他对着身边的莫洛托夫和贝利亚,用一种不容置疑的语气下达了指示,这与其说是对1933年局势的应对,不如说是对那个令他震怒的未来的咆哮。
“告诉台尔曼,告诉全世界的同志们!看清楚了!这就是对敌人抱有幻想的下场!我们的控制必须是绝对的!我们的纪律必须是钢铁的!我们和他们之间,只有你死我活的斗争,绝无妥协!我们需要的不是对话,而是更高、更厚、更坚固的墙!”
柏林,总理府。
希特勒也在观看,但他没有像斯大林那样暴怒,他的脸上反而是一种混杂着轻蔑、嫉妒与深度思考的复杂表情。
“真是感人至深啊,戈培尔。”他转过头,对身边的戈培尔说道,语气里充满了嘲讽,“看看我们的人民,在分裂了半个世纪后,因为被允许重新统一自己的国家,就高兴得像一群孩子……多么可悲的胜利。”
他走到巨大的德国地图前,用手掌覆盖在上面。
“1989年……他们用了将近将六十年的时间,经历了一场屈辱的战败、一场更屈辱的分裂、一场最屈辱的下跪,才拿回了原本就属于他们的东西。而如果他们坚定地追随我,”他的声音陡然拔高,充满了不容置疑的自信,“我会在1950年之前就为他们建立一个从乌拉尔山脉延伸到大西洋的、统一纯净的日耳曼尼亚帝国!我们的孩子将会在罗马和巴黎度假,而不是在柏林墙的废墟上哭泣!”

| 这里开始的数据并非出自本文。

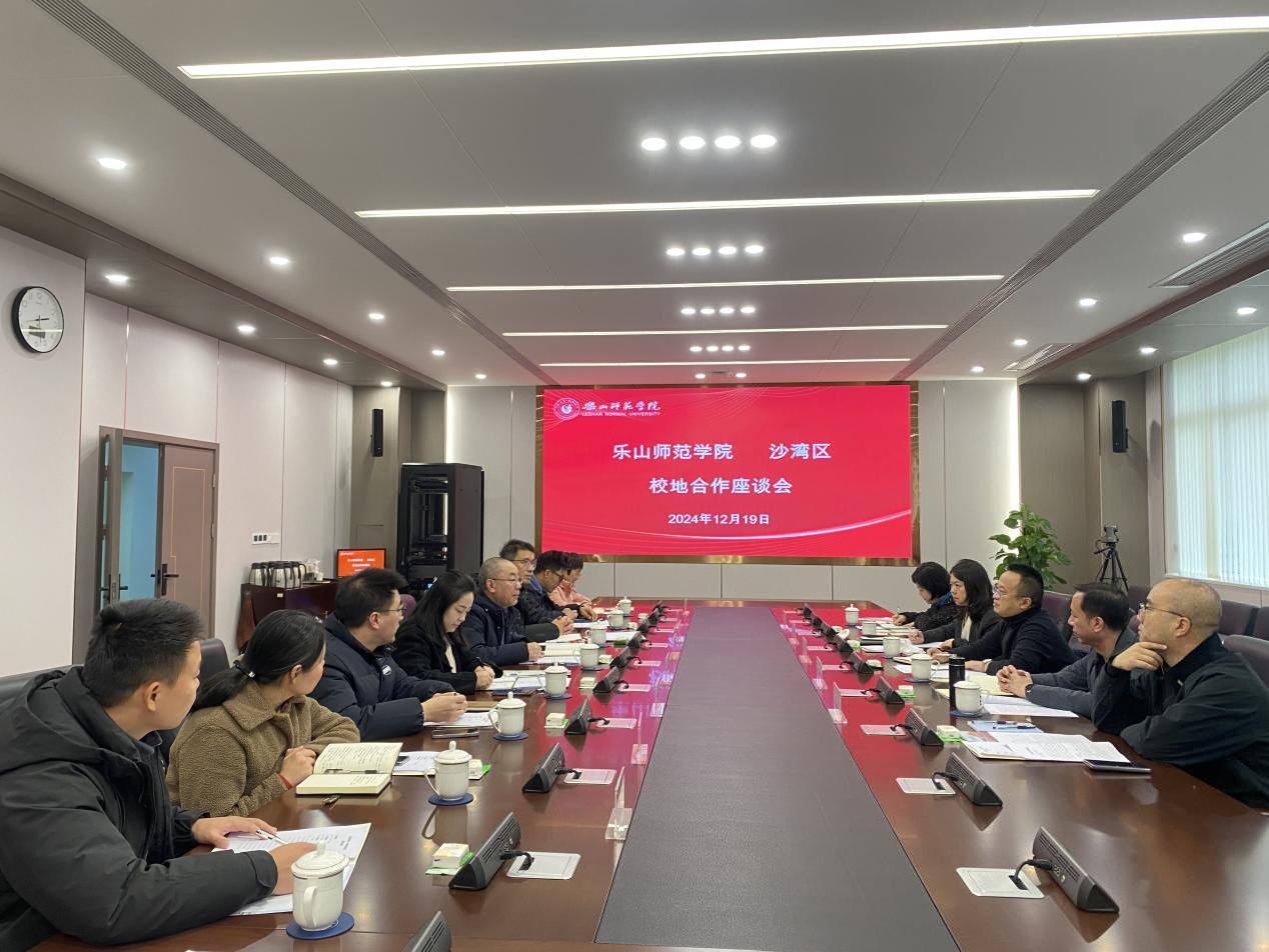 本网讯(文图/罗晓娟)12月19日下午,乐山市沙湾区副区长杨宇率区教育局、文化广电体育旅游局、旅游景区服务中心等单位负责人,来我校洽谈校地合作。学校校地合作处、继续教育学院、旅地学院、体育学院、郭沫若研究中心、沫若图书馆等部门和教学院的负责人及相关人员参加座谈与交流。
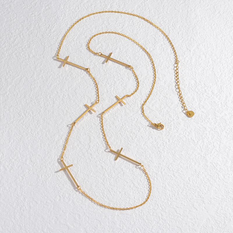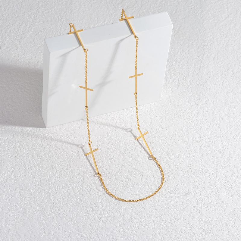 Comercio exterior nueva moda europea y americana collar cruz simple mujeres ins oro 18k acero inoxidable Joker cadena suéter al por mayor
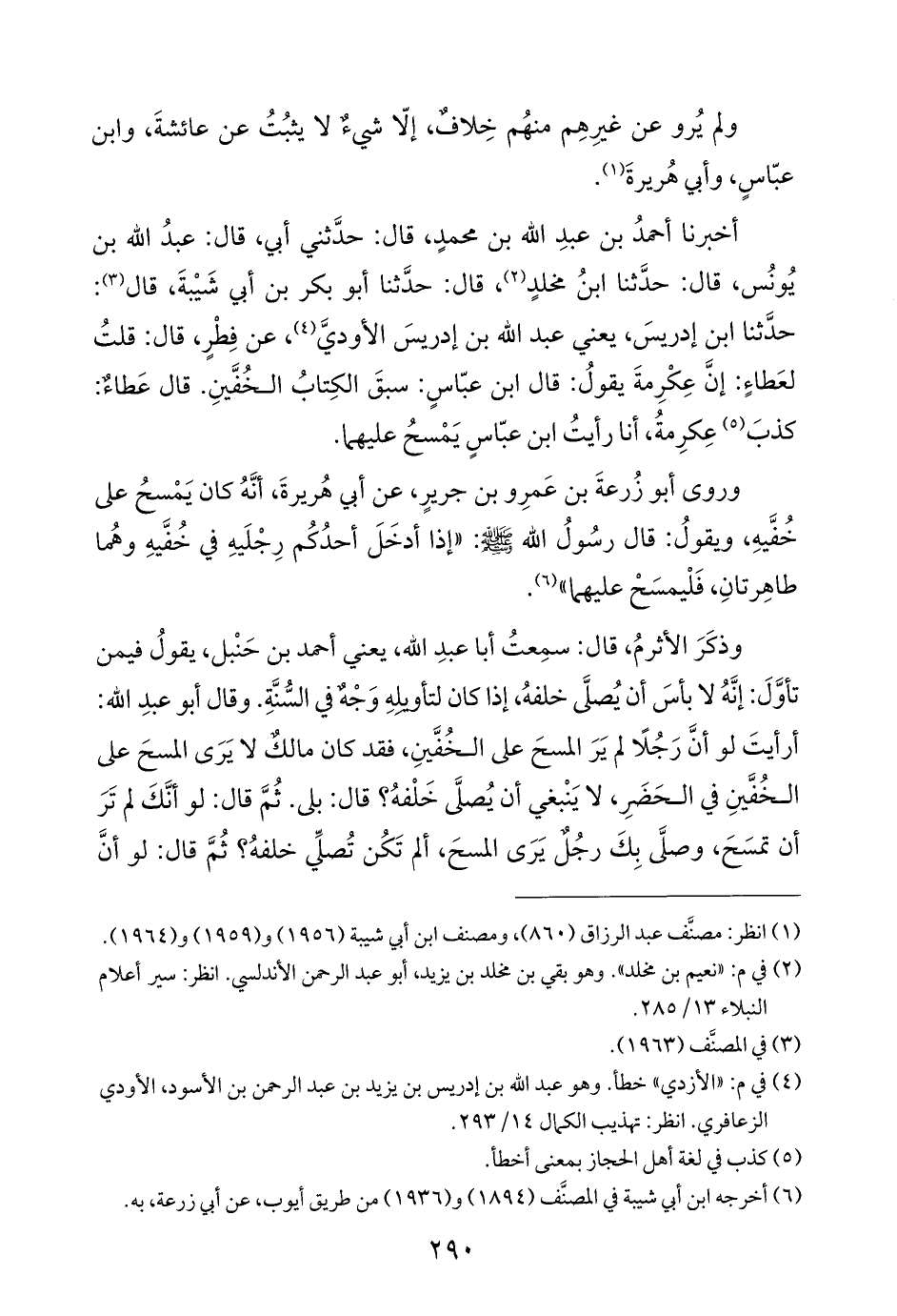 أخبرنا أحمدُ بن عبدِ الله بن محمدٍ، قال: حدَّثني أبي، قال: عبدُ الله بن يُونُس، قال: حدَّثنا ابنُ مخلدٍ (¬٢)، قال: حدَّثنا أبو بكر بن أبي شَيْبةَ، قال (¬٣): حدَّثنا ابن إدريسَ، يعني عبد الله بن إدريسَ الأوديَّ (¬٤)، عن فِطْرٍ، قال: قلتُ لعَطاءٍ: إنَّ عِكْرِمةَ يقولُ: قال ابن عبّاسٍ: سبقَ الكِتابُ الخُفَّينِ. قال عَطاءٌ: كذبَ (¬٥) عِكرِمةُ، أنا رأيتُ ابن عبّاسٍ يَمْسحُ عليهما.
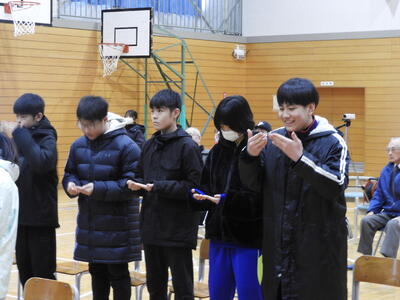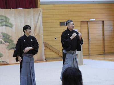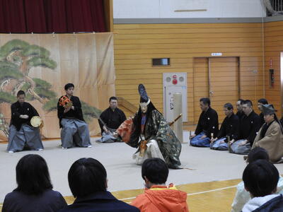 能・狂言教室 投稿: 副校長 (13:12) 1月28日(水)文化庁舞台芸術等総合支援事業(学校巡回公演)として、鎌倉能舞台の方をお招きして「能・狂言教室」を行いました。 「柿山伏」「敦盛」などを鑑賞したり、狂言を体験したりしました。大変貴重な経験となりました。
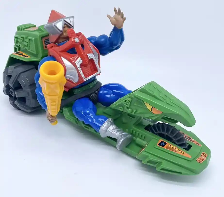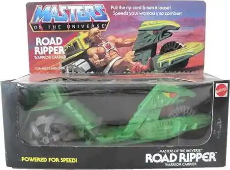 Released in 1984, the Road Ripper was a 3 wheeled motorcycle with a bright green dragon themed design that carried one character who would strap in with a seat belt. It came with a red rip cord, when inserted into the rear and pulled out quickly would send the Road Ripper speeding across the floor!
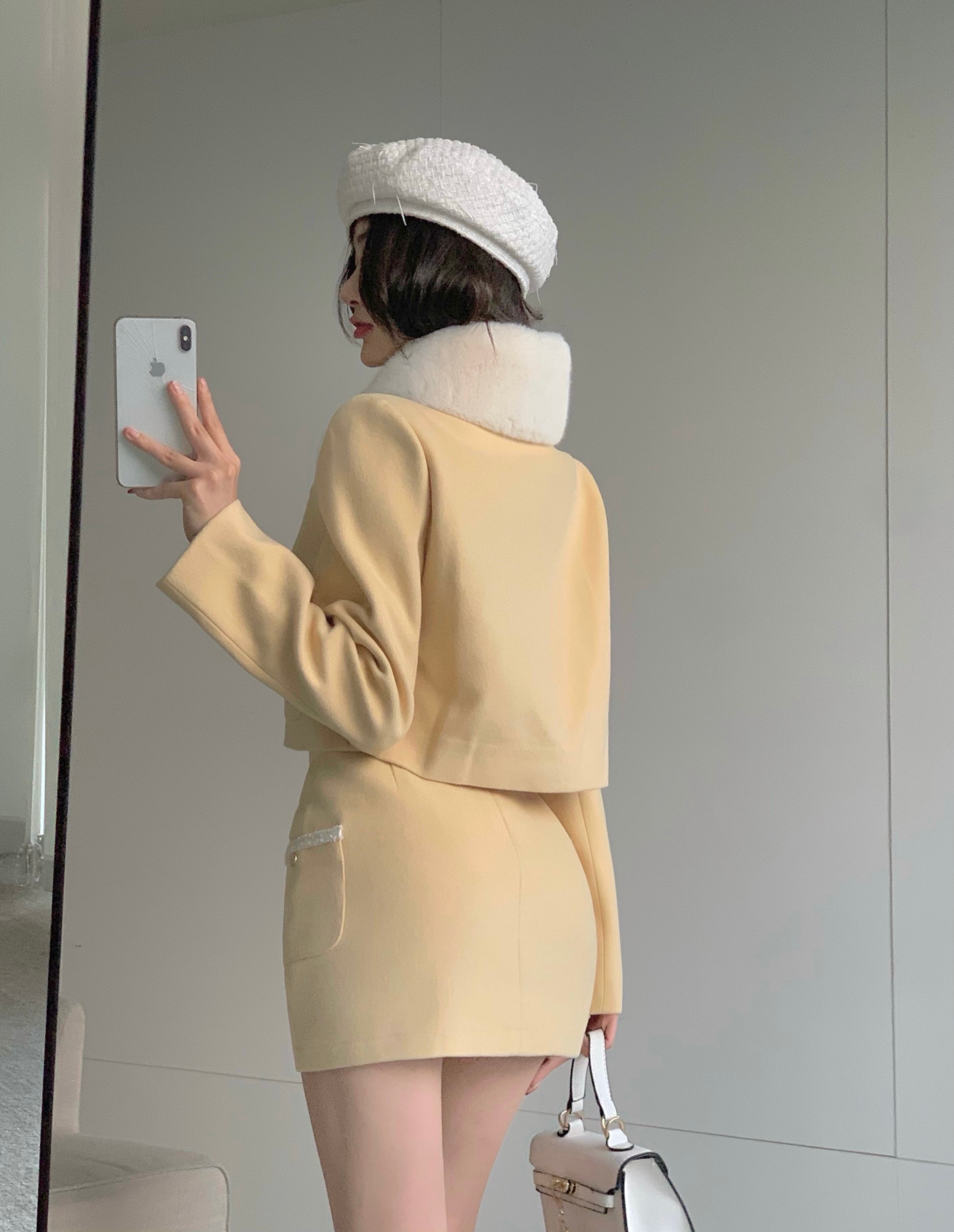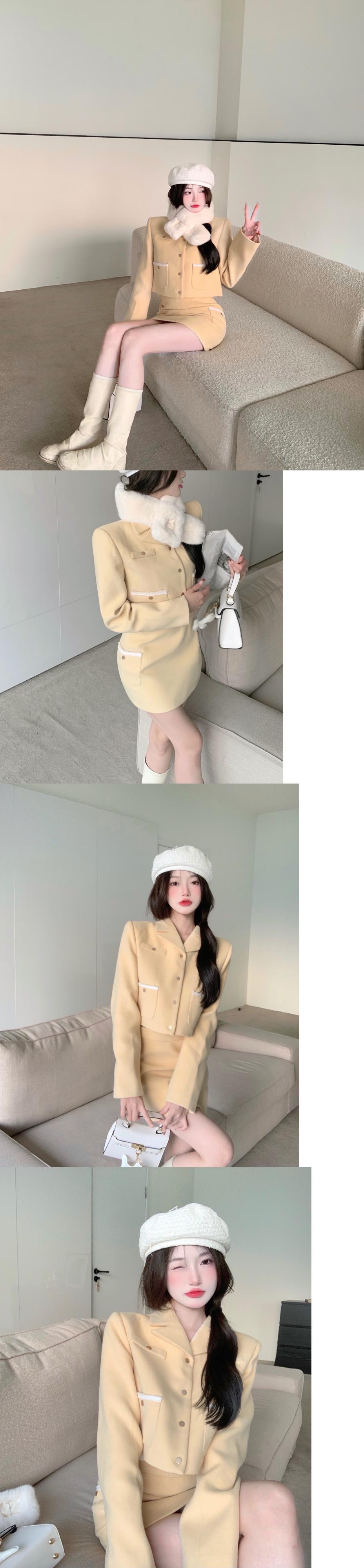 スタイルスタンダードショートコート スカート ファースカーフ セット レトロ ピュア Xiaofeijia48813793140

他将天幕上那“童话般的结局”,定义为“因选择了错误道路而导致的、迟到了五十年的、打了无数折扣的廉价替代品”。
而一旁的戈培尔,则显得异常安静。
他没有像往常一样,立刻附和元首的讲话,或是构思新的宣传口号。他的目光紧紧地锁在天幕上,眼神锐利而冷静,像一个等待猎物露出破绽的顶级猎手。
当全世界都沉浸在这场“和平盛宴”的感动中时,这位宣传大师的内心,却升起了一股强烈的违和感。
太完美了。
戈培尔心想,这简直就像是我自己编纂出来的宣传片。有苦难的过去,有挣扎的现在,还有一个光明的未来……这是一个完美的叙事闭环。
他回想起之前的“华沙之跪”,那是一个他无法用常规手段反制的、直击灵魂的“仪式”。他没有选择硬碰硬,而是选择了等待。
他隐约感觉到,天幕的运作有一种超越人类情感的、近乎机械的“公正”。它既然会播放对纳粹不利的“华沙之跪”,那么在播放完这段近乎完美的“童话”之后,为了维持某种“平衡”,它必然会展示些什么。
现实,从来都不是童话。戈培尔的嘴角勾起一抹无人察觉的、冰冷的微笑。这个故事的标题是【纳粹为何不死?】。
而眼前这一切,没有回答这个问题,它只是在搭建一个更华丽的舞台,为了上演……一场更残酷的戏剧。
他没有将自己的怀疑说出口,只是耐心地等待着。他相信,天幕很快就会自己揭开这层温情脉脉的面纱。
天幕的画面并未停留在1989年的那个夜晚,它继续向前,进入了九十年代和千禧年初。
一段快速的蒙太奇,向1933年的世界,展示了一个令他们目眩神迷的、现代化的德国。
【经济的奇迹:曾经的“德国马克”,成了全欧洲最坚挺的货币之一,后来更是主导了更为强大的“欧元”。法兰克福的摩天大楼林立,构成了欧洲的金融心脏。奔驰、宝马、大众汽车,载着富足的德国家庭,行驶在不限速的高速公路上。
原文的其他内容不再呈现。